Work request: Please transcribe only the lines from the one holding "Warm wood floors" through the final line of the data, both included, with no pictures.

**** Stored data

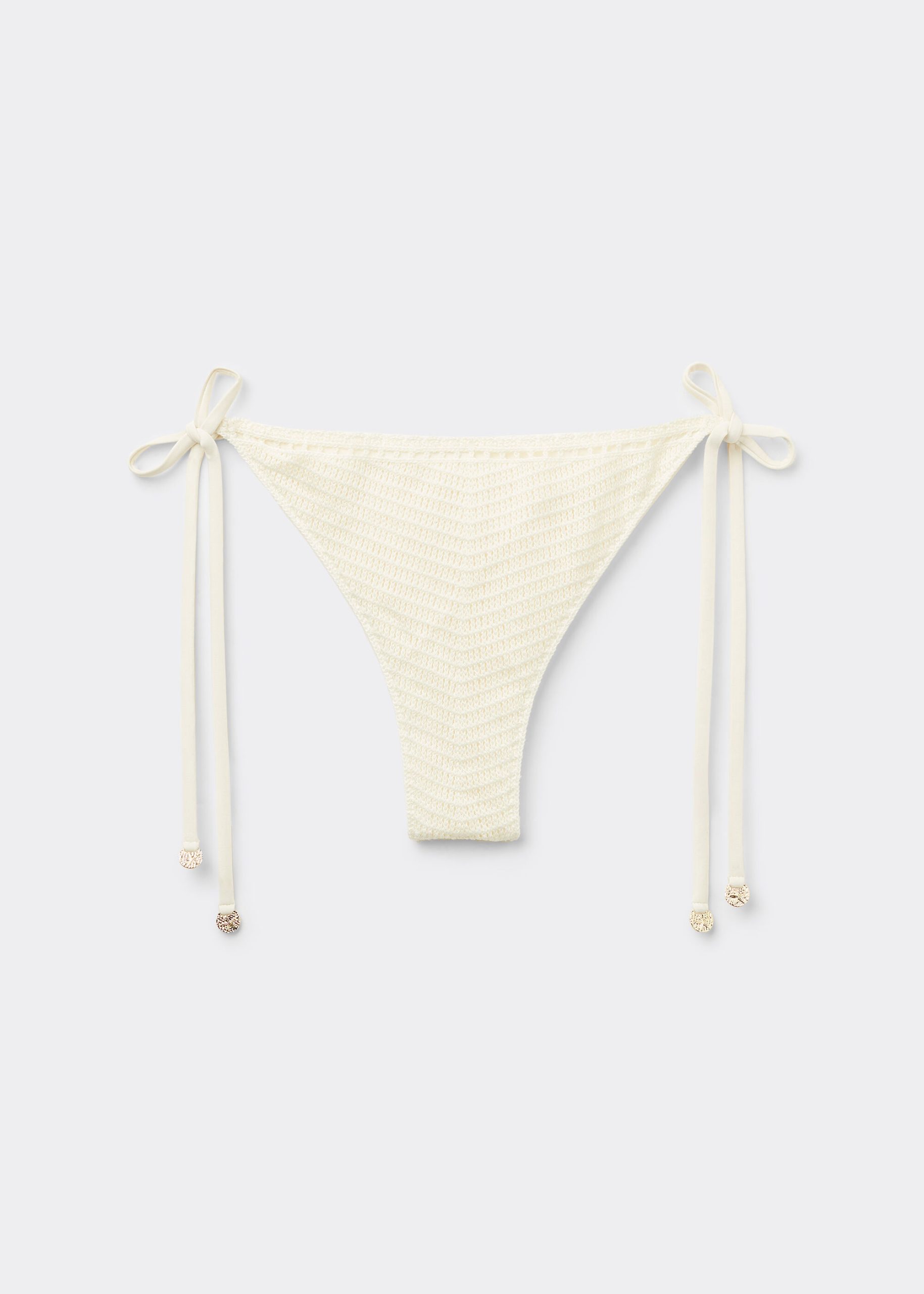 Brazilian cut bikini bottoms with side ties made from refined and sophisticated crochet fabric. The slightly rounded waist at the front allows for both a classic or more high-cut fit, depending on one’s physique. Fully lined with invisible seams.
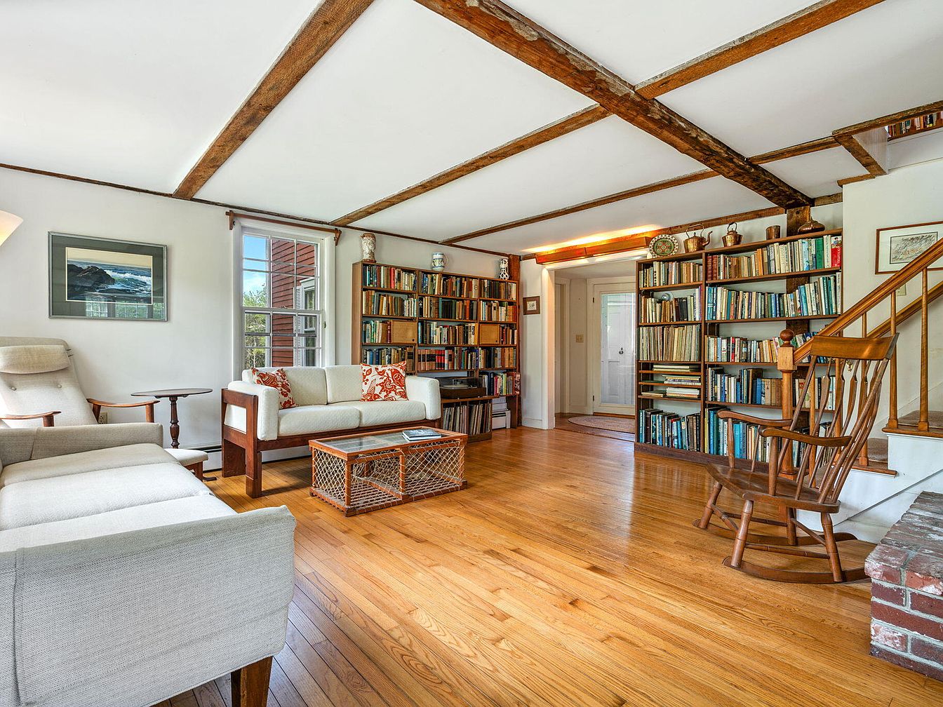 Warm wood floors run throughout a bright living room, highlighted by exposed wooden ceiling beams that add rustic character. Two comfortable armchairs and a loveseat are grouped around a simple coffee table, encouraging conversation or family gatherings. A large wall filled with bookshelves houses an extensive collection of books, giving the space a cozy, inviting atmosphere perfect for readers and children alike. Sunlight streams in through generous windows, brightening the room and creating a cheerful ambiance. The staircase with wooden accents provides easy access to the upper level, while thoughtful touches like framed artwork and decorative pottery add personality and a homely charm.
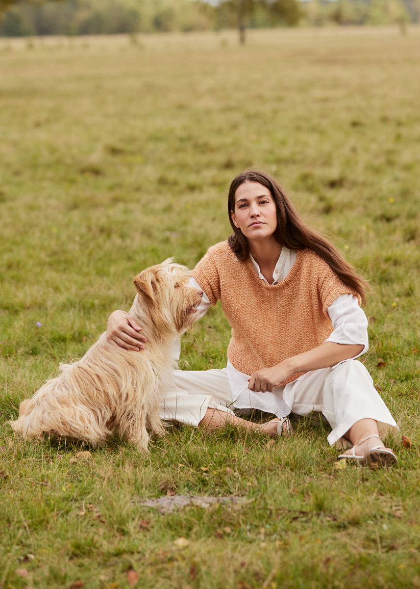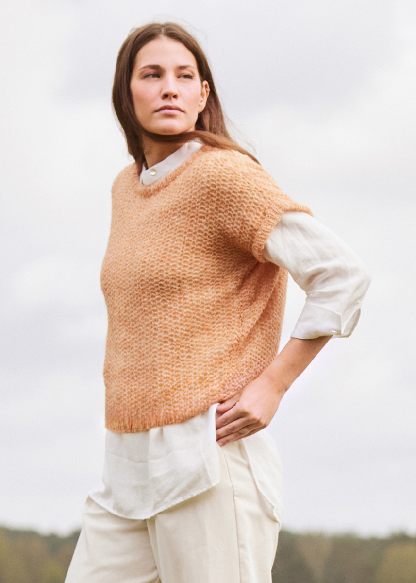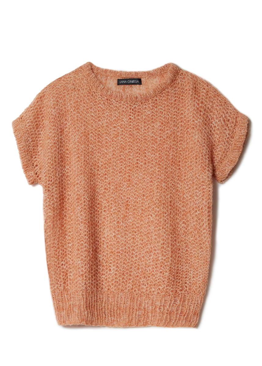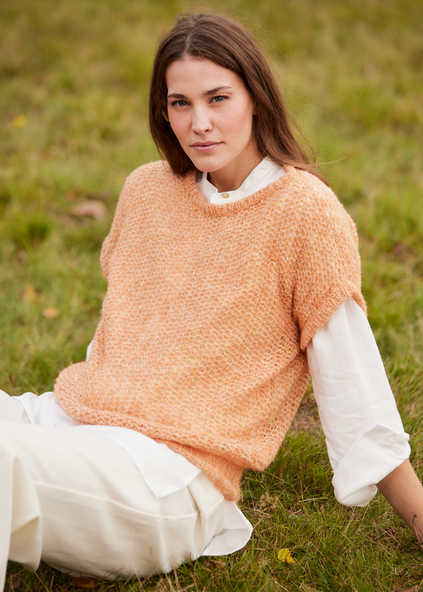 Lana Grossa-kvalitet “Bella” (35 % bomuld, 30 % nylon, 25 % alpaka (baby), 10 % ren ny uld (merino), løbelængde = ca. 250 m / 25 gr): ca. 100(125-125-150) gr fersken (fv 17), strikkepinde nr. 4½ og 6½, en kort rundpind nr. 4½.
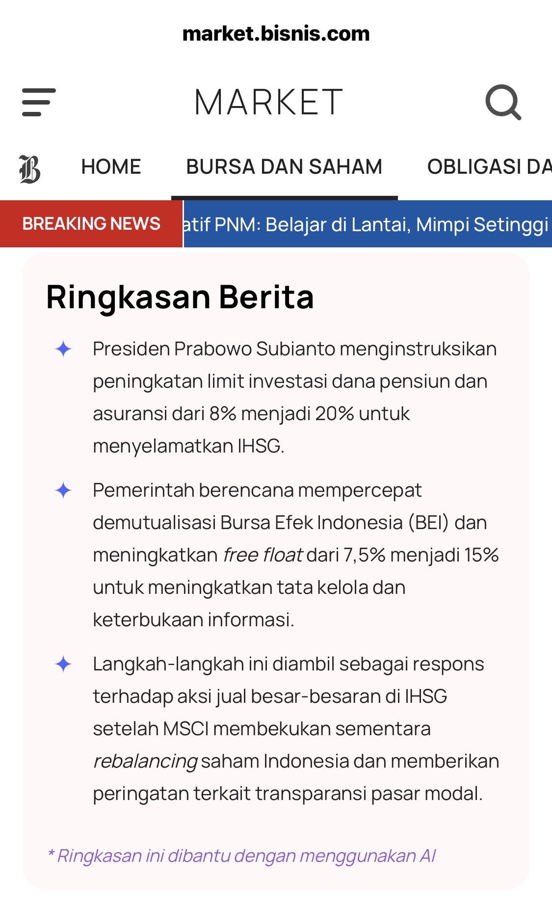 Freefloat 15% š Ini baru bisa terwujud kalo ada likuiditasnya.

********

Completed task:
 Warm wood floors run throughout a bright living room, highlighted by exposed wooden ceiling beams that add rustic character. Two comfortable armchairs and a loveseat are grouped around a simple coffee table, encouraging conversation or family gatherings. A large wall filled with bookshelves houses an extensive collection of books, giving the space a cozy, inviting atmosphere perfect for readers and children alike. Sunlight streams in through generous windows, brightening the room and creating a cheerful ambiance. The staircase with wooden accents provides easy access to the upper level, while thoughtful touches like framed artwork and decorative pottery add personality and a homely charm.
 Lana Grossa-kvalitet “Bella” (35 % bomuld, 30 % nylon, 25 % alpaka (baby), 10 % ren ny uld (merino), løbelængde = ca. 250 m / 25 gr): ca. 100(125-125-150) gr fersken (fv 17), strikkepinde nr. 4½ og 6½, en kort rundpind nr. 4½.
 Freefloat 15% š Ini baru bisa terwujud kalo ada likuiditasnya.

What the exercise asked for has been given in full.